Ainsi que cette cour l'a observé dans son arrêt du 5 novembre 2020, les demandes de M. et Mme [K] ont évolué entre la procédure ayant donné lieu au jugement du 11 mars 2014 rendu par le tribunal de grande instance de Versailles et la présente procédure en ce qu'ils ne sollicitent plus la condamnation de la SCP [H]-Rucker à les garantir de toute mesure d'exécution du jugement prononcé par le tribunal de Saragosse, mais sa condamnation à leur payer une somme correspondant (sous réserve de la perte de chance) aux sommes dues au titre du jugement rendu le 25 février 2008 par le tribunal de commerce de Saragosse.
Cependant, le préjudice financier allégué par M. [K] résulte non de la condamnation elle-même, mais de son exécution.
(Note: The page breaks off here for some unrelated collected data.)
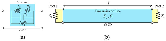 Figure 5a shows the experimental setup for the measurement of S-parameters of the prototype solenoid. The two red dashed lines indicate the electrical reference plane where the VNA is calibrated, and the two-port SOLT (short-open-load-thru) calibration was used for this measurement. The first interface from the solenoid was simplified to be modeled as a single wire above a conducting plane. The second interface to the VNA was modeled as a coaxial cable, as described in Figure 5b. The characteristic impedance of a single wire and coaxial cable can be effectively approximated as in Equations (12) and (13), respectively [23].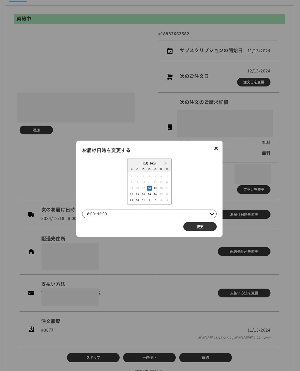 また、お客様アカウントページから次回のお届け日を変更する際も、お届け日として配送休業日は選択できません。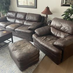 New Ginger Leather Sectional And Ottoman $750Houston, TX

Or, force est de constater que M. [K] ne justifie toujours pas avoir dû exécuter les causes du jugement du tribunal de commerce de Saragosse. En particulier, il ne démontre pas que depuis la dernière saisie-attribution pratiquée en exécution de ce jugement, selon lui le 24 juin 2010, le représentant légal de la société [P] Iberica a tenté d'exécuter les causes du jugement espagnol, ni qu'il a versé des sommes en exécution de cette décision espagnole.
Il s'ensuit que le préjudice financier que M. [K] allègue aujourd'hui n'est ni actuel, ni certain.
Le demande de M. [K] sera dès lors rejetée.
Le jugement qui condamne la SCP [H]-Rucker à verser la somme de 1 324 995 euros en réparation de son préjudice sera infirmé.
Sur les dépens et l'article 700 du code de procédure civile
Le sens du présent arrêt conduit à infirmer le jugement en ses dispositions relatives aux dépens et à l'article 700 du code de procédure civile.
M. et Mme [K], parties perdantes, supporteront les dépens de première instance et d'appel qui pourront être recouvrés conformément aux dispositions de l'article 699 du code de procédure civile. Leur demande fondée sur les dispositions de l'article 700 du code de procédure civile sera rejetée.
Il n'apparaît pas équitable d'allouer des sommes sur le fondement de l'article 700 du code de procédure civile à la SCP [H]-Rucker.
PAR CES MOTIFS
La Cour, statuant par arrêt contradictoire et mis à disposition,
Dans les limites de l'appel,
INFIRME le jugement ;
Statuant à nouveau,
REJETTE la demande de M. [K] en réparation des conséquences financières du jugement du tribunal de commerce de Saragosse du 25 février 2008 ;
CONDAMNE M. et Mme [K] aux dépens de première instance et d'appel ;
DIT qu'ils seront recouvrés conformément à l'article 699 du code de procédure civile ;
DIT n'y avoir lieu à application de l'article 700 du code de procédure civile.
- prononcé par mise à disposition de l'arrêt au greffe de la cour, les parties en ayant été préalablement avisées dans les conditions prévues au deuxième alinéa de l'article 450 du code de procédure civile,
- signé par Madame Anna MANES, présidente, et par Madame Natacha BOURGUEIL, greffier, auquel la minute de la décision a été remise par le magistrat signataire.